We Accidentally Discovered A RARE Scientific Phenomenon (10,000fps Collisions)

Most of this video - as is typical of videos from these ridiculous Aussies - can be skipped. It's primarily just repeated, slow motion footage of two giant air cannons firing random things (plastic dinosaurs, basketballs, cola cans, pumpkins, rubber band balls, spray paint cans, and such) at each other and ridiculous mugging for the camera.

But then - at 16:30 - they fire two glass balls at each other and something really interesting happens.

Well, at 16:30 they load the two glass balls and mug around for two and a half minutes before showing us the scientifically interesting slow motion video. Go ahead and skip to 19:00 to see the science.

I'll wait for you...

At 19:24 we get a flash of light when the two highly accelerated glass balls hit each other.

The flash of light certainly wasn't something that I expected to see and seems to be an example of triboluminescence (light produced from force or movement).

The initial science explanation (at 20:00 about IMFs being broken) seems a bit dodgy, and I'm really happy that they come back around 21:00 with something that sounds more correct to me.

I've never heard of glass causing triboluminescence (nor fractoluminescence which is a subset of triboluminescence, I guess), but I'd like to see somebody with way more science knowledge than I have explain what's happening here.

Thanks, by the way, to reddit for the gif.

Boxed cake vs scratch cake — Why bakers can't beat SCIENCE

A few years back - when we were still in the previous iteration of Princeton High School - I had my AP chemistry students make cupcakes with three separate leavening methods: baking soda, baking powder & soda, and mechanical leavening (whipping egg whites). The three methods are fascinatingly different and produce very different results.

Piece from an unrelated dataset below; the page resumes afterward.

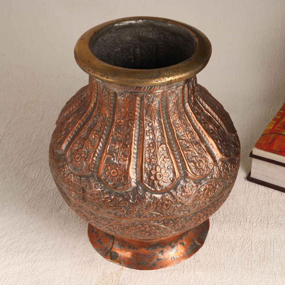 Adorn your interior with the timeless elegance of this exquisite vintage copper pot. Handcrafted by highly skilled Indian artisans in the iconic Islamic Art style of Hyderabad, this piece showcases exceptional craftsmanship and intricate carving. Its antique brown finish exudes an aura of vintage charm, making it a captivating addition to any space. Crafted from high-quality copper, this pot radiates an enduring luster, and its sturdiness ensures its longevity. Its versatility is unmatched, as it can enhance the ambiance of your home, office, restaurant, hotel, cafe, or shop. Whether it's displayed as a unique flower pot or integrated into a curated vintage collection, this pot adds a touch of grandeur to any setting. This striking piece also makes for a thoughtful gift, perfect for special, festive, or auspicious occasions. Share the beauty of Indian artistry and history with your family, friends or relatives, and let this vintage copper pot become a cherished heirloom in their homes. Embrace the splendour of the past while infusing it with contemporary elegance through this captivating work of art.

In this video Adam and his baker friend look at the differences between box cake mix and from-scratch cakes. They're not quite looking at just the leavenings, but the science behind the differences are fascinating.

I'm sometimes sad that we went with material science rather than food science as one of our science electives at Princeton. I wish I had a good curriculum for high school students to explore food science, but that would also require a cooking classroom - something that our principal at the time of the building of new Princeton High School wasn't interested in building anything that practical.

Aluminum and mercury

I'm thinking that the dangers of mercury thermometers on aluminum-skinned airplanes has mostly passed us by - both because home mercury thermometers are all but outlawed and have been replaced by digital thermometers and because so little of a commercial airplane is being made out of aluminum at this point.

But the demonstration of the formation of mercury-aluminum amalgam is still really cool to watch.

Pee-riodic tables

The source of this image is a reddit post which included only the following explanation, "The bathroom in our science building has the periodic table in tiles".

I need more info. 

Where's the building? I assume it's a university science building, but there's no info provided.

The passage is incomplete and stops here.